During these four hundred years the struggles against the pre-capitalist order spread from one country to another and from one continent to another in an extremely irregular manner. The major upheavals which mark the forward march of the capitalist revolution started with the revolts in Germany in the sixteenth century. These were crushed so thoroughly that the German people could not rise again for three centuries. However, the next attempts, the Dutch and the English bourgeois revolutions in the seventeenth century, proved successful. So did the American and French revolutions of the eighteenth century and the American Civil War of the nineteenth century.

Moreover, the new claimant to supreme power, the bourgeoisie, was not uniformly victorious throughout this era of its rise and, even where triumphant, did not always carry through all its class aims. In the United States, the capitalists did not win national supremacy in the first revolution; they had to share power with the slaveholders – and it took a second revolution to crush these rivals. In Germany the bourgeoisie did not rule in its own right until the Hohenzollerns and the Junker landlords were overthrown in 1918 – and then the industrial workers were already knocking on the doors of power. In Russia it was still worse for the capitalists; they did not achieve sovereignty there at any time. After having been held back by the Czarist-landlord regime up to 1917, they were thrust aside and eliminated by the victorious worker-peasant uprisings.

There can be no duplication of pattern between the course of the movement which established the capitalists in power and the movement which is dispossessing and replacing them. The historical conditions and the specific social forces at work are vastly different. Moreover, the pace of history has speeded up. It took less time for capitalism to supplant feudalism than it did for feudalism to take the place of slavery. And it will take still less time for the socialist forces to get rid of capitalism.

But the same general historical causes that made the transition from the old order to the new so irregular and contradictory in the past still prevail. The oncoming forces of socialism have to contend with all the inherited unevennesses of social development in the world. The proletarian revolution not only has to cope with fierce resistance from capitalist elements but also with the economic and cultural backwardnesses of the pre-capitalist areas where the majority of mankind live. These conditions have created enormous, unexpected, and still unresolved problems for the advance of socialism where capitalism has already been abolished as in Russia, Eastern Europe and China. These difficulties in turn have had their influence upon the progress of the socialist movements in the more advanced countries.

The zigzag path of the world revolution will emerge more clearly in our review of the stages it has passed through.
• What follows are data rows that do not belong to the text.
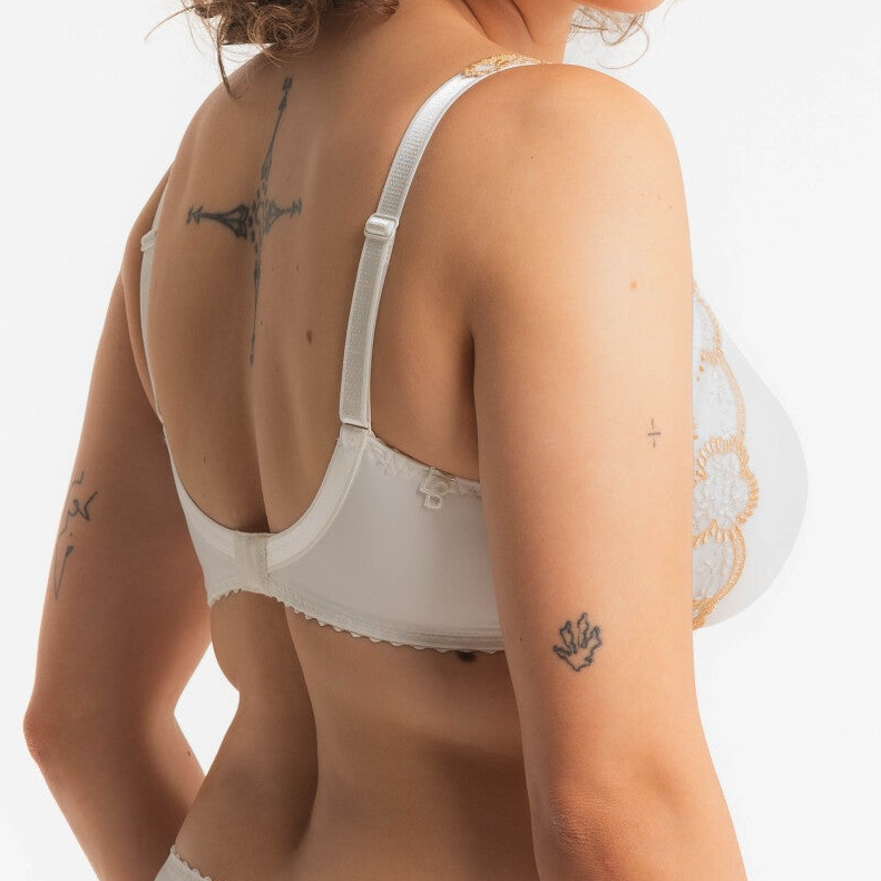 Beugel BH van Louisa Bracq uit hun basis collectie. Dit seizoen in de mooie kleur nacre; offwhite with a touch of gold. Shop de bijpassende slips onderaan de pagina!
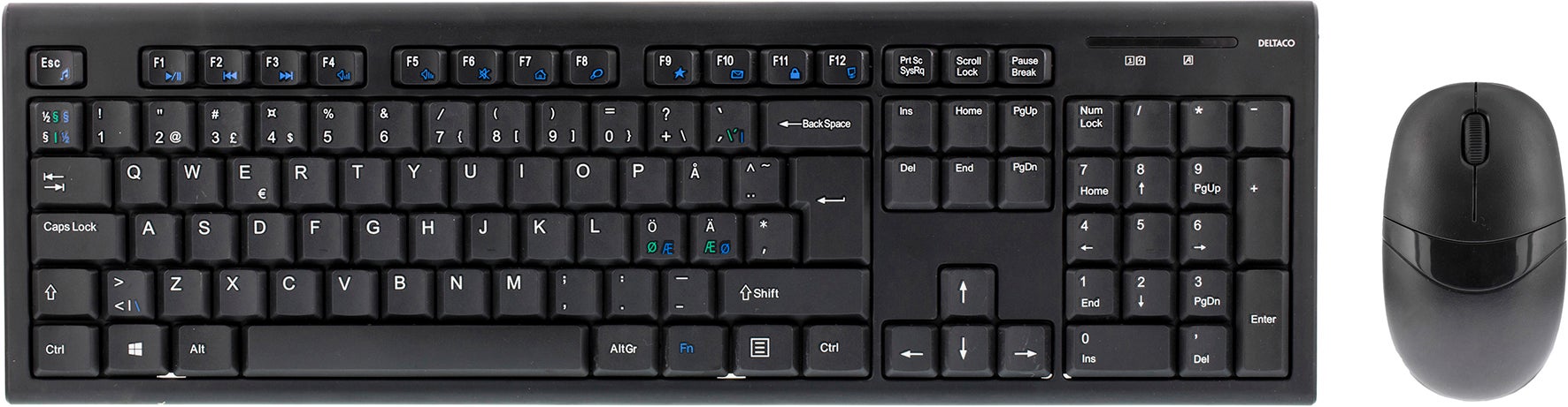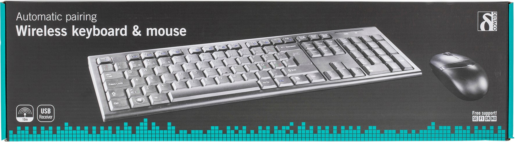 Deltaco trådlösa tangentbord och mus TB-114, 105 tangenter, nordisk layout, 2.4GHz USB nano mottagare. Trådlöst tangentbord och optisk mus med 3 knappar med scroll. Med automatisk parning behöver du bara ansluta USB-adaptern i önskat uttag i datorn för att få allt att fungera.
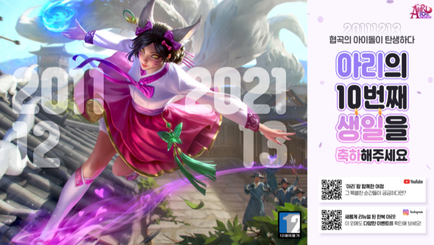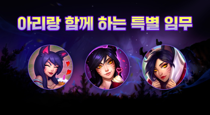 이번 시간에 알아볼 것은 롤 한국 서버 상륙 기념으로 등장한 챔피안 아리가 10번째 생일을 맞아서 진행하는 '아리'랑 이벤트입니다. 간단하게 핵심만 요약해보자면 아리 챔피언, 한복 아리 스킨, 크로마, 아이콘, 감정표현을 받을 수 있는 임무가 등장하는 것입니다. 또한 상점에서 1RP로 아리 스킨: 태극 크로마 12종을 구매할 수 있는 것, 그 외에도 추가적으로 여러 가지가 있습니다. 하나하나 알아보도록 하죠.
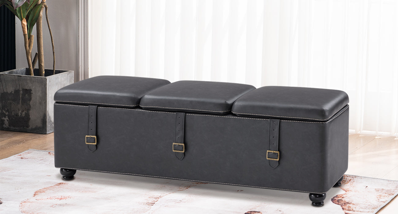 - [3 Storage Compartments] With 3 bench lids, this storage bench offers 3 “hidden storage options” for household objects. Just open one of lids at will and your stuff can be organized, without removing the entire lid.
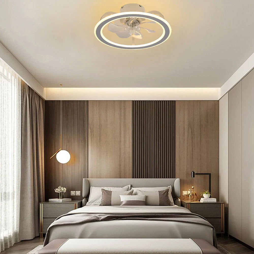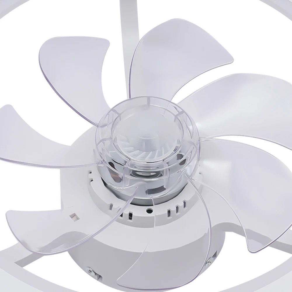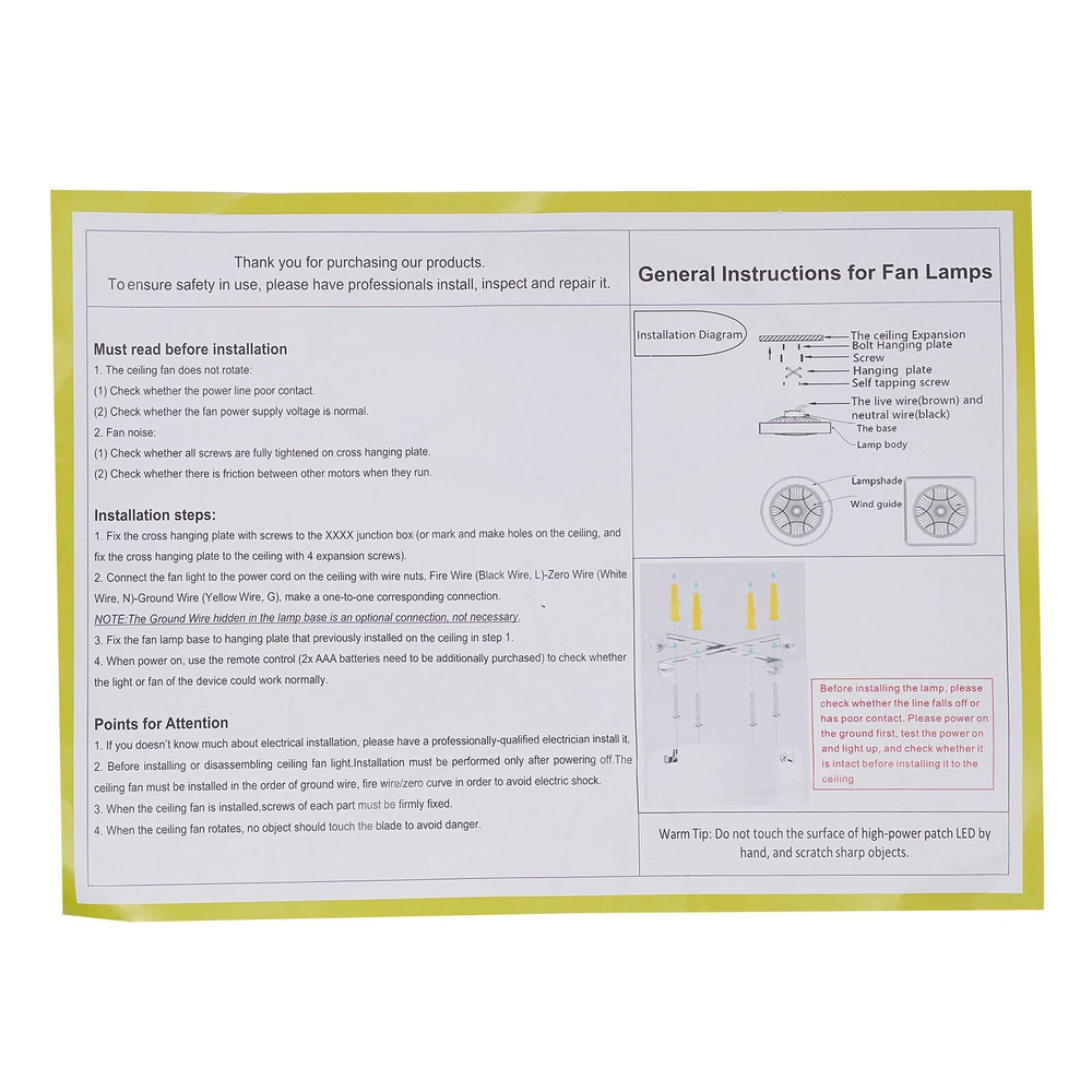 Description This ceiling fan light allows you to feel the bright light and enjoy the coolness at the same time. It has six gears of wind speeds with a timing function to meet your daily usage needs, and you can also reverse the direction of the fan in winter. It can be integrated with different decoration styles and is ideal to create an excellent life and sleep environment to accommodate you in all seasons. Key Features Build to Last: This product consists of ABS blades and an iron lamp body and adopts an injection molding, making it attractive, anti-rust, corrosion-resistant, and sturdy. Wide Application: The size of 17.72"D*6.29" H makes it suitable for various ceiling heights while ensuring better lighting and air circulation effects. And it supports a wide voltage(110-165V), whi Modern Halo Ceiling Fan Light Dimmable Invisible Chandelier Fan APP Control Deco Description This ceiling fan light allows you to feel the bright light and enjoy the coolness at the same time. It has six gears of wind speeds with a timing function to meet your daily usage needs, and you can also reverse the direction of the fan in winter. It can be integrated with different decoration styles and is ideal to create an excellent life and sleep environment to accommodate you in all seasons. Key Features Build to Last: This product consists of ABS blades and an iron lamp body and adopts an injection molding, making it attractive, anti-rust, corrosion-resistant, and sturdy. Wide Application: The size of 17.72"D*6.29" H makes it suitable for various ceiling heights while ensuring better lighting and air circulation effects. And it supports a wide voltage(110-165V), which can adapt to different voltage environments. Multiple Functions: Integrating lighting and fans, this product illuminates the space while balancing room temperature. You can also reverse the direction of the fan in winter, blowing hot air from the top into the room and increasing the indoor temperature. Set up at Will: You can customize the ambiance of any room to suit your needs by infinitely adjusting the appropriate brightness and can experience a range of refreshing breezes and cooling sensations with its 6-speed wind speed function. In addition, the 2H timer function and night mode provide a comfortable and peaceful environment for you to sleep without worrying about catching a cold and wasting electricity. Remote Control: Utilizing a remote control, you can easily adjust the light colors, wind speeds, and other functions while lying in bed, eliminating the need to physically manipulate switches and bringing more convenience to your life. Excellent Lighting: Romantic warm light, comfortable neutral light, and bright white light make it easy for you to create different atmospheres with 3500-6000K color temperatures. Moreover, the energy-saving LED light source with 2400-3600lm has high luminous efficiency and long service life, providing you with the desired lighting effect while protecting your eyes with its soft light. Modern Minimalist: The circular design with white color and clear fan blades make this product simple and elegant, complementing various styles of homes. This is a great decoration for your room. Easy Clean-Up : It has a simple structure and smooth surface. When dust accumulates on the surface, you simply wipe it clean with a towel. Ideal Gift: Thanks to its exquisite design and generous appearance, you can choose this ceiling fan light as a gift for housewarming to your friends. Protective Packaging: Anti-collision foam can effectively avoid losses caused by normal vibration and collision during transportation, ensuring the integrity of the products you can receive to a certain extent. Details Sturdy Base: The 5.91" thickened and enlarged base with pre-drilled holes on the base brackets not only ensures stronger load-bearing capacity and stability but also makes it convenient for you to install this product. Heat Dissipation Holes: They can accelerate heat dissipation, thus preventing internal parts of the product from overheating during operation. Application It is ideal for a space of about 86.11-161.46 ft², including living rooms, dining rooms, foyers, cottages, bedrooms, basements, study rooms, farmhouses, kitchens, hallways, cafes, restaurants, bars, and patios. Installation Steps 1. Fix the cross-hanging plate with screws to the junction box (or mark and make holes in the ceiling, and fix the cross-hanging plate to the ceiling with 4 expansion screws). 2. Connect the fanlight to the power cord on the ceiling with wire nuts, firewire (black wire, L)-zero wire (white wire, N)-and ground wire (yellow wire, G), and make a one-to-one corresponding connection. 3. Fix the fan lamp base to the hanging plate that was previously installed on the ceiling in step 1. 4. When powered on, use the remote control (2*AAA batteries need to be additionally purchased) to check whether the light or fan of the device works normally. Specification Color: White Style: Modern Shape: Round Efficiency: E Material: Iron and ABS Assembly Required: Yes Process: Injection Molding Installation Method: Ceiling Mounted Control Method: Remote Control, Wall Control Battery Model: 2 * AAA Batteries(Not Included) Light Color: White Light, Warm Light, Neutral Light Color Temperature: 3500K, 4500K, 6000K Luminous Flux: 2400-3600lm Number of Items: 1 Number of Blades: 5 Wind Speed Level: 6 Timing Duration: 2 h Voltage: 110-265V Power: 24-36W Power Source: LED Remote Control Distance: 5-8m/16.4-26.25ft Lighting Range: 8-15 ㎡/86.11-161.46 ft ² Base Diameter: 15cm/5.91in Fan Blade Diameter: 30cm/11.81in Product Size(D*H): 45*16cm/17.72*6.29in Package Included 1*Ceiling Fan Light 1*Remote Control 1*English Manual 1*English Instruction for Remote Control All Accessories for Installation Notes Please note that a remote control must be directly facing the light, otherwise, the light cannot be connected to the remote control. A brand-new battery shall be inserted. P

The first major historical period of the proletarian movement extended from 1848 to 1917. These sixty-nine years were essentially devoted to assembling and preparing the first forces for storming the citadels of capitalist power. During this time the methods and ideas of scientific socialism were developed and disseminated and contended for supremacy in the ranks of labor; the first programs of the workers parties were formulated; the initial cadres of the socialist ranks were recruited, educated, trained and sent into battle on elementary issues of the class struggle; the first trade-union and political organizations of the working class were built.

This preparatory period was itself broken up into two distinct stages, each with its own characteristics and subordinate phases of its own. The pioneering years stretched from 1847 to 1878.
 

The Pioneer Period

Capitalism creates the conditions and forces for the socialist movement: the necessary technical basis, science and the working class itself. That is its major contribution to social progress. It also provokes the working class into action and is the involuntary promoter of the class struggle. A strong and stable proletarian movement against capitalism could not therefore arise until capitalism itself had attained a high degree of maturity.
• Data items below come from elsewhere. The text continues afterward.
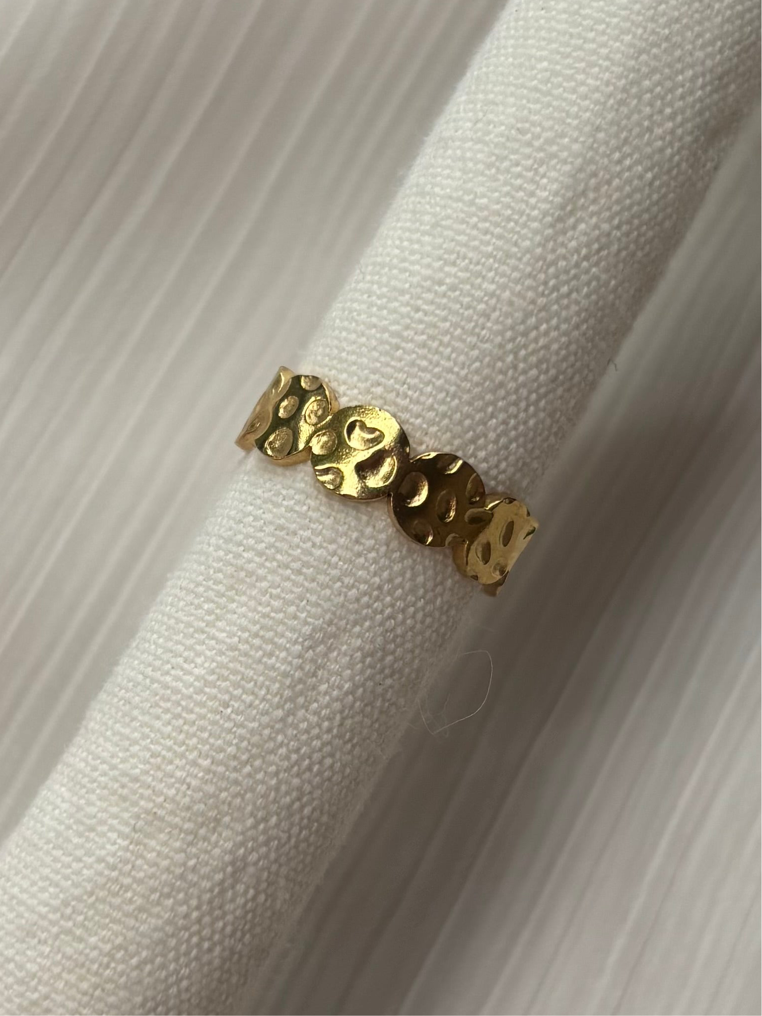 Composée de petits ronds aux formes irrégulières et finement martelées, cette bague évoque à la fois la matière brute et la délicatesse du travail manuel. Une pièce subtile mais pleine de caractère. Idéale pour faire des accumulations de bagues.
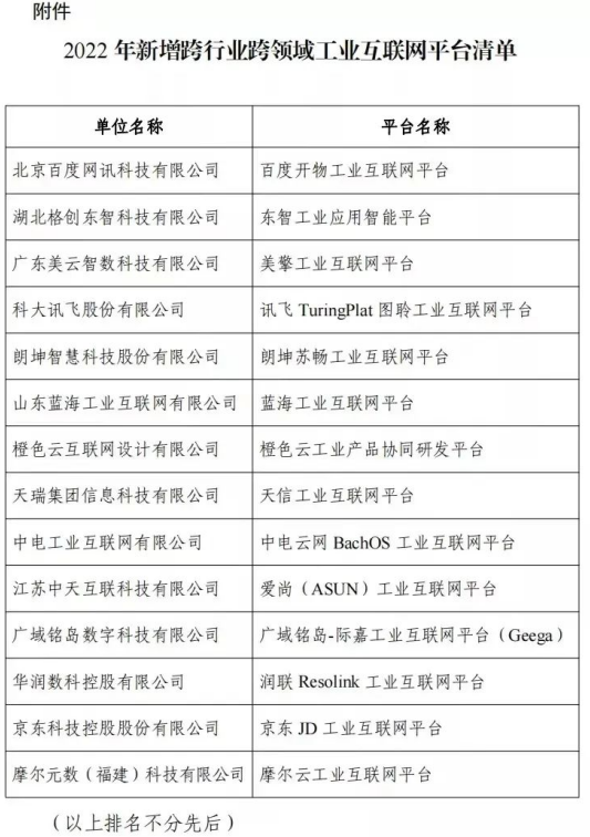 5月5日,工信部公布《2022年新增跨行业跨领域工业互联网平台清单公示》,公告显示,2022年共新增14家跨行业跨领域工业互联网平台。据了解,此次公示的全部是新入围的企业,往年工信部发布的“跨行业跨领域工业互联网平台清单”则未在清单中显示,这是自2019年双跨遴选工作开展以来,新增数量最多的一次。
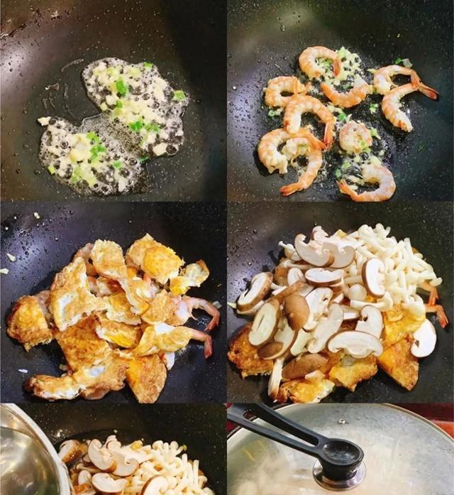 起锅热油把鸡蛋煎熟捞出切块备用。锅中留底油炒香蒜葱,倒入虾仁煎至变色,放入鸡蛋,香菇,白玉菇,加入没过食材的水,盖上锅盖焖煮8分钟。
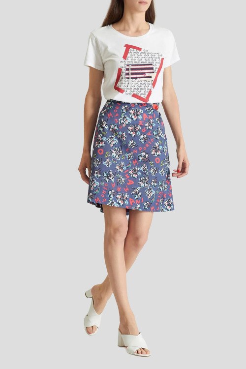 Детали: Женская синяя юбка из хлопка от Armani (Армани). Длина мини, высокая посадка, застежка на пуговицу, защипы, цветочный принт
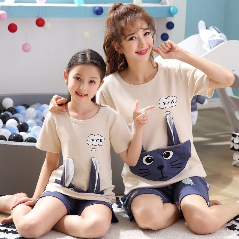 新作 家族マッチング衣装母娘パジャマセットルーズショーツパジャマ姉妹一致服キッズガールナイトウェア

In its conscious form, the anti-capitalist movement of the industrial working class is little more than a hundred years old. Socialism did not pass out of its prenatal state until 1848. It was born in Western Europe the most advanced sector of world society at that time. The existence of a distinctive, scientifically guided proletarian socialist movement can be said to date from the outbreak of the bourgeois-democratic revolutions of that crucial year.

Its infancy was attended by two very different types of events. One was theoretical and programmatic. This was the publication of The Communist Manifesto early in 1848 which first set forth the principles and aims of the scientific socialists. The other was practical and political. This was the betrayal and crushing of the popular uprisings by the forces of reaction in Western Europe.
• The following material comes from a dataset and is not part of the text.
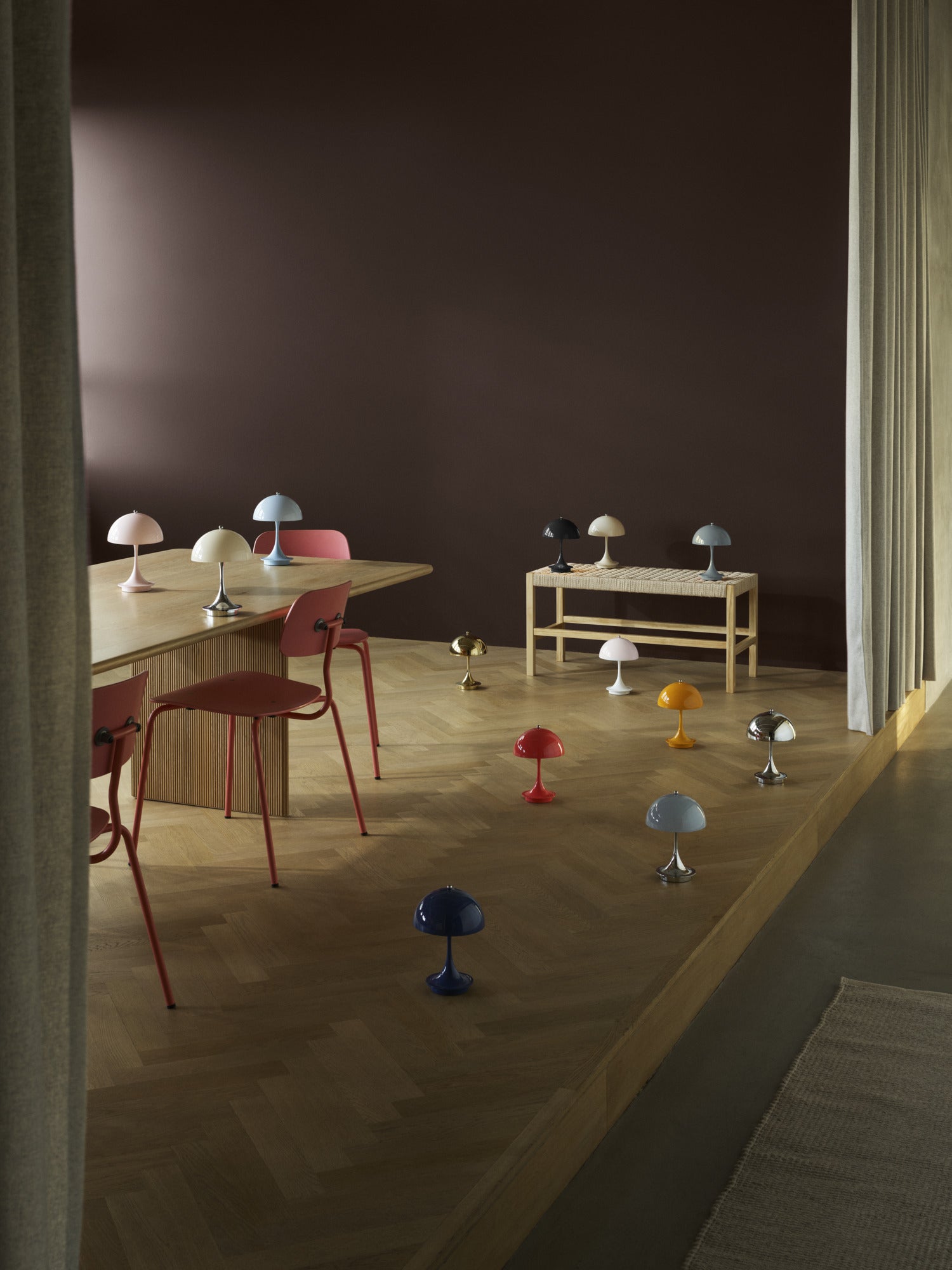 Lampa przenośna Panthella 160 to ikona designu w kompaktowej formie, zaprojektowana przez Vernera Pantona w 1971 roku. Ten kultowy model, stworzony we współpracy z Louis Poulsen, łączy w sobie elegancję, funkcjonalność i wyjątkową estetykę. Lampa przenośna Panthella 160 emituje miękkie, rozproszone światło, które tworzy przyjemny nastrój w każdym wnętrzu – od salonu po taras czy ogród. Dzięki wbudowanemu akumulatorowi można ją łatwo przenosić, a dotykowy włącznik i funkcja stopniowego ściemniania pozwalają dostosować natężenie światła do potrzeb użytkownika.

The budding socialist and labor movements there suffered heavily from these setbacks throughout the 1850’s. Then in the sixties a steady rise in labor organization, accompanied by a patient and persistent work of ideological clarification and socialist propaganda by the first Marxists in the mass movement, bore its fruit. This culminated in the formation of the First International in 1864 under the inspiration of the Marxists.

The activities of the First International are little known even in socialist circles today. But they were considerable. The First International led the fight for the extension of the franchise in England and for progressive labor legislation. It stimulated trade union organization in many countries. It supported strikes and rallied the European workers to the progressive sides in the American Civil War and the Franco-Prussian War.

The center of the First International was England. When the British labor movement became stagnant, conservatized and corrupted and when the first working-class bid for power, the Paris Commune, was suppressed in 1871, the ensuing dampening of revolutionary energies led to the disintegration of the First International. It was formally dissolved in 1878.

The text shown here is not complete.